Eva s'énervait, et le ton montait. La naïveté de Cléo la rendait dingue, elle se rendait bien compte de son impuissance à lui faire entendre raison. Elle avait peur pour son amie, et ça la rendait nerveuse, fébrile presque. Elle jeta un coup d'œil alentour, et constata qu'elles étaient au centre de l'attention. Dédiant un sourire d'excuse aux gens qui les dévisageaient avec curiosité, elle expira longuement pour se calmer, et fit signe à Cléo qu'elles devaient baisser d'un ton. Cette dernière hocha la tête, mais elle avait l'air mal à l'aise à présent, et un regain d'inquiétude envahit Eva. Cela n'augurait rien de bon.

— Il y a ce gars au boulot qui...

— Quoi ? Non, ce n'est pas vrai ! Ne me dis pas que tu en as parlé à ton boulot !

— J'ai besoin d'aide, Eva, tu l'as dit toi-même ! C'est un ami, un type bien, on se connaît depuis plusieurs mois, et il est passionné par tout ça. Il dit qu'on peut s'introduire dans la Neuromatrice grâce à une dérivation corticale ou... enfin, quelque chose comme ça. Et que c'est sûrement ce que fait Elie.

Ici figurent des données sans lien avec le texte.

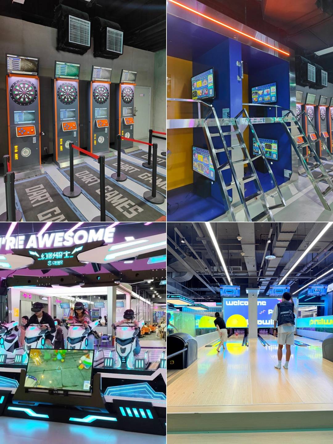 蹦床、梅花桩、魔鬼滑梯、 旋转滑梯、信仰之跃、 高空拓展、高空滑索 高空单车、射箭、赛车、篮球、台球、互动对打、球乒乓球、桌上足球、高尔夫、保龄球、真人CS、攀岩、VR战车、方格挑战、PS4游戏、街机、飞镖、骑行、格斗、碰碰车、竞速单车、互动滚球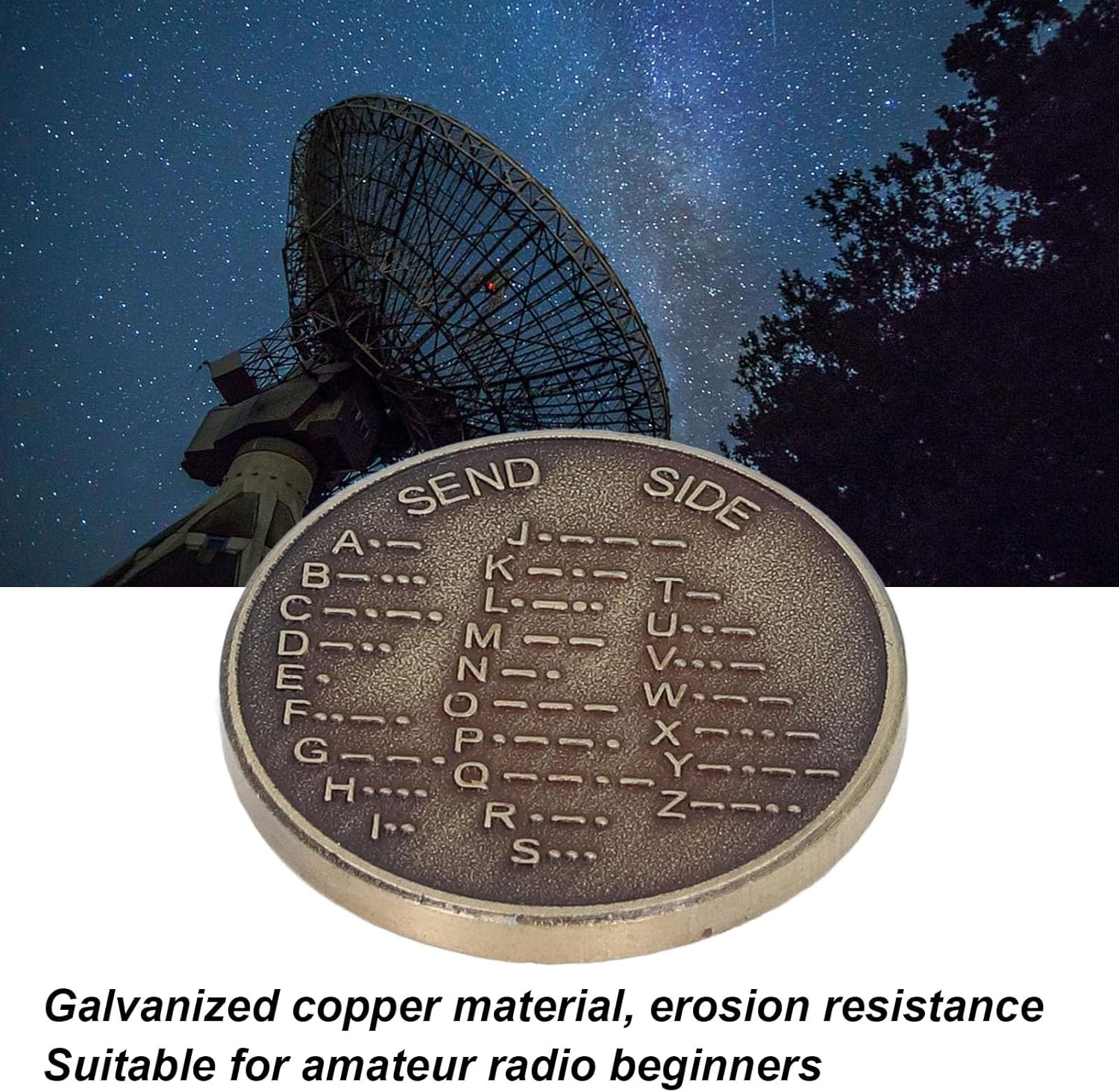 [IMPARA FACILMENTE IL CODICE MORSE] Questa moneta di addestramento al codice Morse CW è progettata per rendere l'apprendimento del codice Morse divertente e coinvolgente.La moneta presenta chiari simboli del codice Morse, che ti consentono di esercitarti e padroneggiare il linguaggio di crittografia senza sforzo. sia per i principianti che per gli appassionati, funge sia strumento educativo che affascinante oggetto collezione. [GIOCO DI INDOVINAMENTO INTERATTIVO] Trasforma l'apprendimento in un gioco emozionante con questa moneta in codice Morse.Sfida i tuoi amici e familiari a decodificare i messaggi nascosti, rendendo il processo di padronanza del codice Morse interattivo e divertente.Ideale per feste, aule o esercitazioni solista, questa moneta aggiunge un elemento di eccitazione al tuo viaggio di apprendimento. [DESIGN COMPATTO E LEGGERO] Misurando solo 30x30x3 mm, questa moneta in codice Morse è compatta e leggera, rendendola facile trasportare in tasca o in borsa. Le sue dimensioni portatili ti consentono di esercitarti con il codice Morse sempre e ovunque. Nonostante le sue piccole dimensioni, la moneta è resistente e costruita per durare, offrendo praticità senza compromettere la qualità. [RAME ZINCATO DI ALTA QUALITÀ] Realizzata in rame zincato di alta qualità, questa moneta in codice Morse è resistente all'erosione e all'ossidazione, garantendo una lunga durata.Il materiale robusto previene la deformazione, rendendolo adatto a vari ambienti.La finitura elegante aggiunge un tocco di eleganza, rendendolo un ottimo per gli appassionati del codice Morse. [VERSATILE ED EDUCATIVO] Che tu sia un radioamatore principiante, un appassionato del linguaggio di crittografia o un genitore alla ricerca di uno strumento educativo unico, questa moneta in codice Morse è perfetta per te. È un oggetto versatile che suscita curiosità e apprendimento sia nei bambini che negli adulti, rendendolo una preziosa aggiunta a qualsiasi collezione o classe.

Eva se frotta le front en un geste impuissant. Elle ne réussirait jamais à détourner Cléo de son projet fou, elle s'en rendait compte à présent, surtout si elle avait trouvé quelqu'un d'autre pour alimenter son délire. Elle sourit d'un air malheureux. Il ne lui restait plus qu'une seule chose à faire : s'efforcer de limiter les dégâts.

— Et il s'appelle comment ton sauveur ?

— Maël. Il a 24 ans et il est d'une gentillesse à toute épreuve, puisque tu veux tout savoir. Il ne fait pas ça avec des intentions malhonnêtes, je ne l'intéresse pas, si c'est ce qui t'inquiète. Ce n'est pas un hacker, c'est juste qu'il aime ça, c'est sa passion, tu comprends. Selon lui, on doit pouvoir introduire un nanovirus dans l'implant d'Elie, et étant donné ce qu'il m'a fait, il serait prêt à m'aider. Il a reconnu que ce ne serait pas sans danger, mais si Elie lui-même nous ouvre les portes, ça pourrait fonctionner.

Ce ne serait pas sans danger... Oui, ça, Eva voulait bien le croire.